Comment by znpy
8 days ago
“Floppydistros” were a thing back in the day.
When i was 12 or 13 in the very early 2000s i tried to download something called “coyote linux” (from sourceforge iirc) and boot it on an internet cafe pc because i really wanted to try this linux thing.
But i was very nooby and of course it mostly didn’t go anywhere. I have vague memories of maybe getting it to boot, getting a shell and then not know what to do with it.
Fun times :)
I used to run tomsrtbt (https://en.wikipedia.org/wiki/Tomsrtbt) from a floppy on an old 486 hooked up to a monitor and keyboard for use as a terminal. Was nice and silent, pretty convenient to be able to just turn the screen on to check irc or whatever.
I remember qnx
Full network stack and a web server on a 1.44MB floppy!

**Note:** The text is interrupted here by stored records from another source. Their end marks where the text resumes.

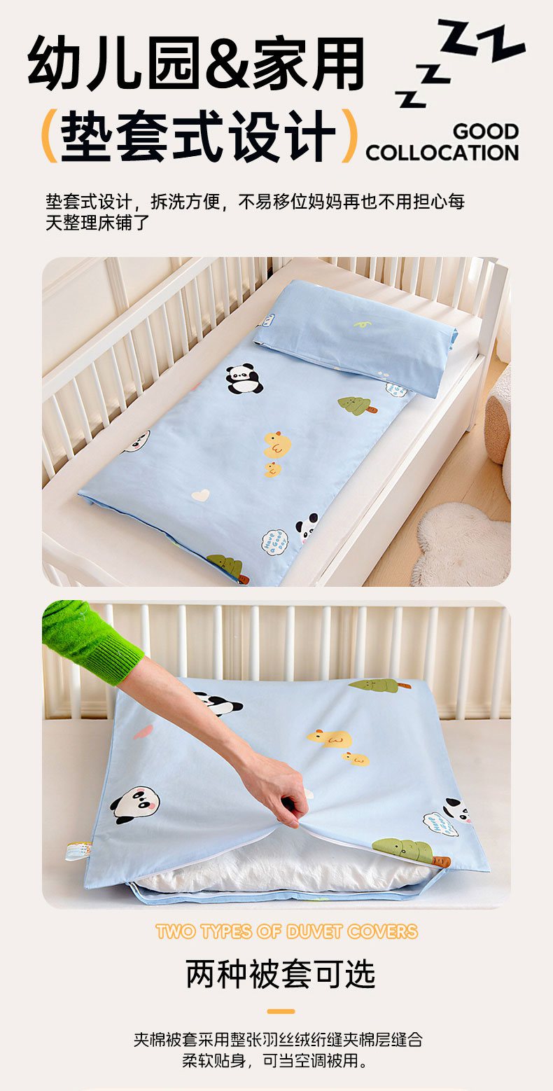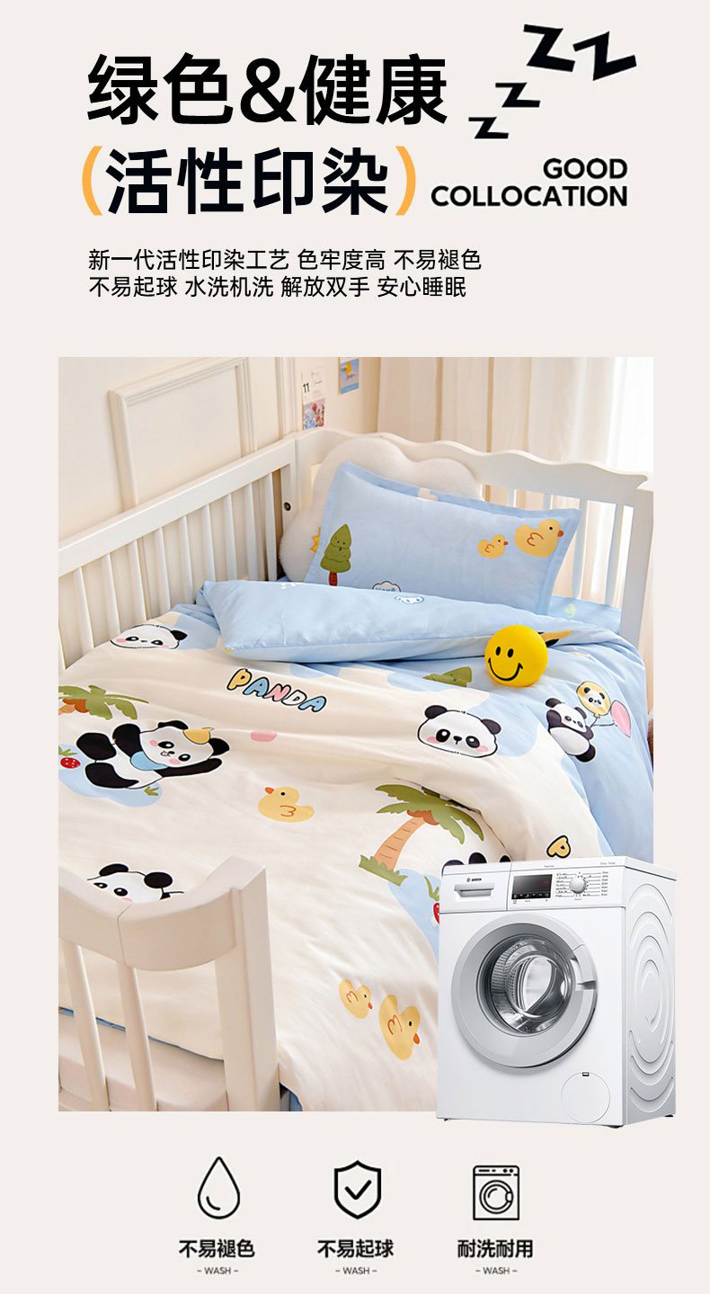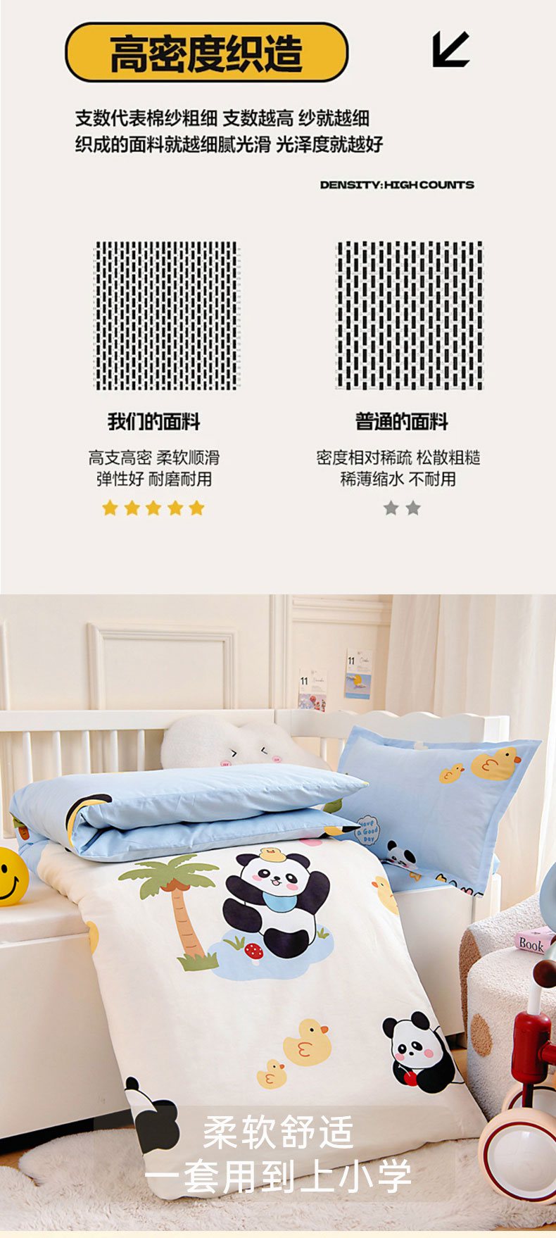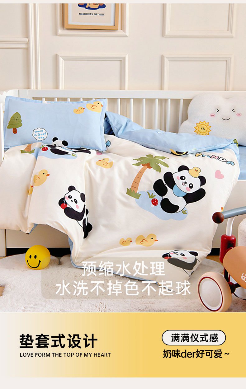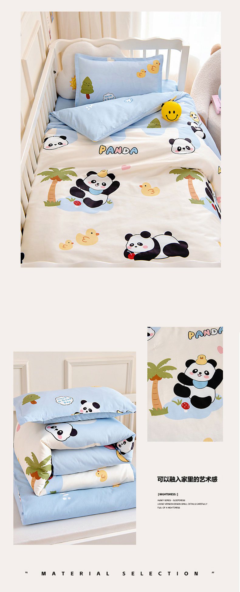当前位置: 91家纺网 > 商品网购 > 床品套件 > 四件套 > 其它四件套 > 芭伯妮 2026新款全棉AB版幼儿园三件套宝宝午睡被子六件套儿童被套多件套(第一批) 熊猫鸭鸭乐-蓝
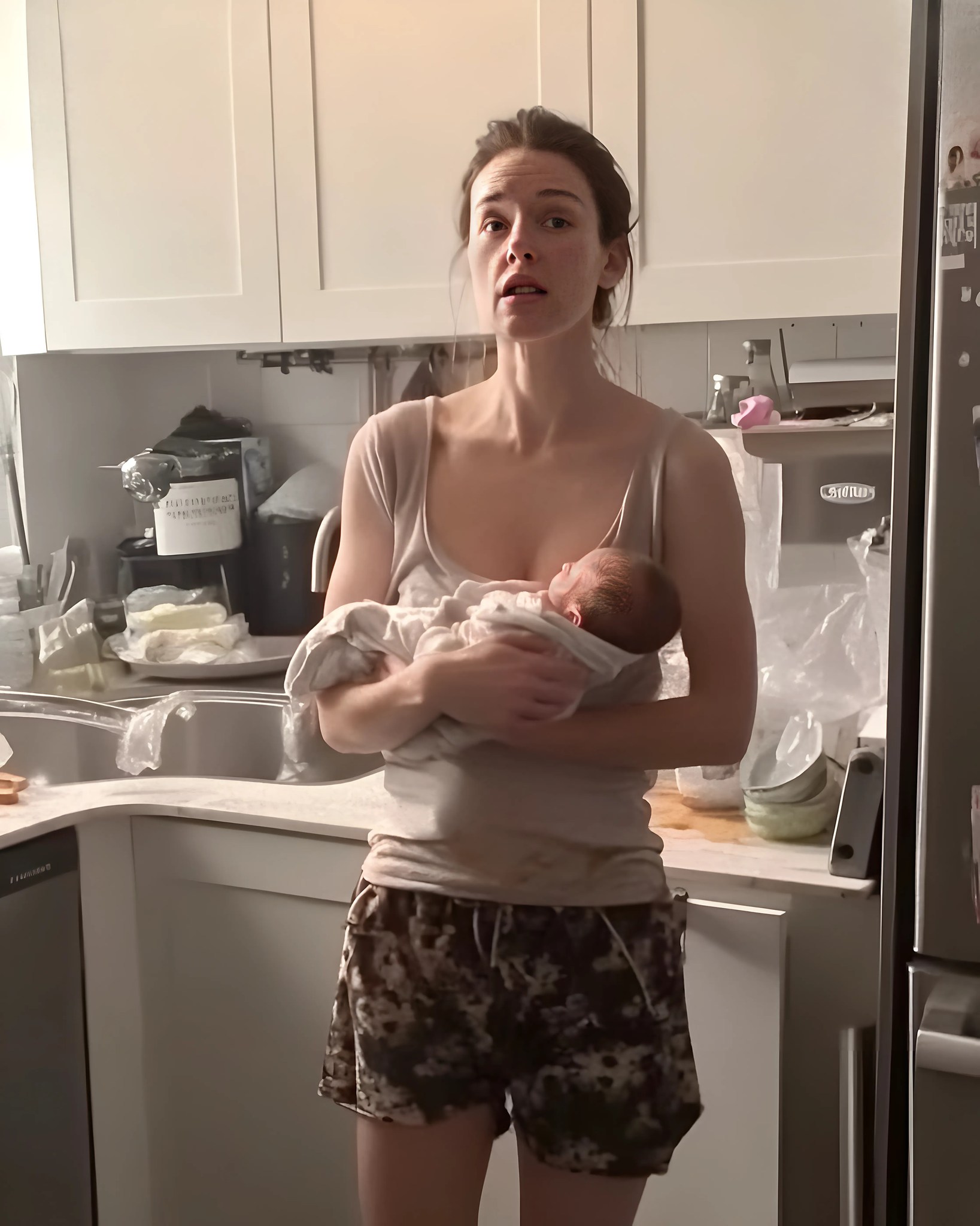Eine junge Frau – höchstens Anfang 20 – stand ein paar Meter entfernt. Sie hielt ein kleines Neugeborenes fest, das in eine blaue Decke gewickelt war.
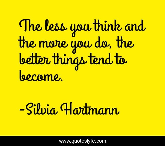 This page presents the quote "The less you think and the more you do, the better things tend to become.". Author of this quote is Silvia Hartmann. .
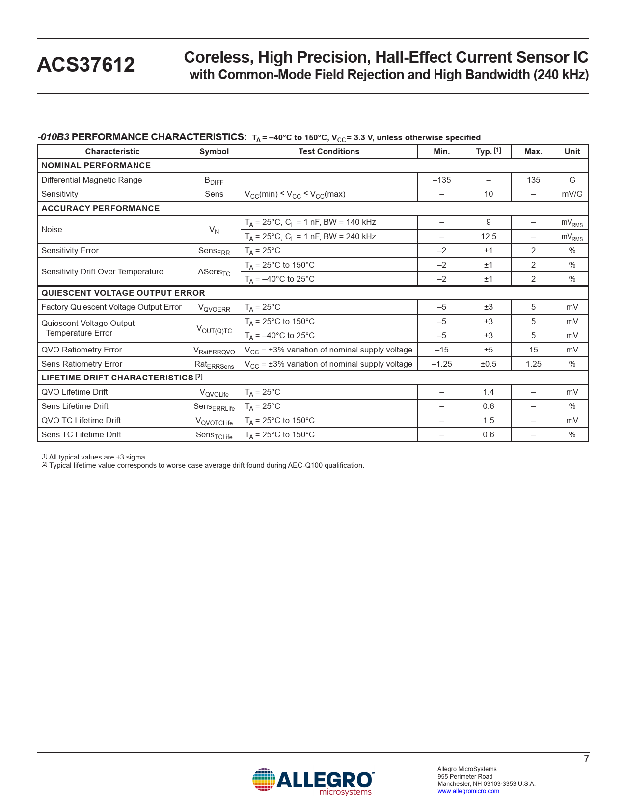 Coreless, High Precision, Hall-Effect Current Sensor IC ACS37612 with Common-Mode Field Rejection and High Bandwidth (240 kHz) -010B3 PERFORMANCE CHARACTERISTICS: TA = –40°C to 150°C, VCC = 3.3 V, unless otherwise specified Characteristic Symbol Test Conditions Min. Typ. [1] Max. Unit NOMINAL PERFORMANCE
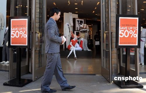 周日原本是商場人氣最旺的時候,洛杉磯市區的一家中高檔服裝店打出“最高打五折”的告示,店員在門口發放優惠券,但店內顧客依舊寥寥。受金融危機影響,全美失業率突破百分之八,消費者信心大受打擊,中高檔商品經營者首當其沖。中新社發 張煒 攝

And a Javascript capable HTML4 browser, and a decent-looking and performant GUI desktop too.
It's a shame QNX (desktop) died, used to be way more performant and stable compared to Linux or anything else back in the day.
4 replies →
Do you recall which browser?
BrowseX, written mostly in Tcl/Tk, was included in one microdistro. Probably LNX-BBC, per Wikipedia.
<https://wiki.tcl-lang.org/page/BrowseX>
<https://en.wikipedia.org/wiki/Bootable_business_card#Operati...>
QNX is to this day the biggest "floppy" thing I ever saw.
I would love to have a modern recreation of it.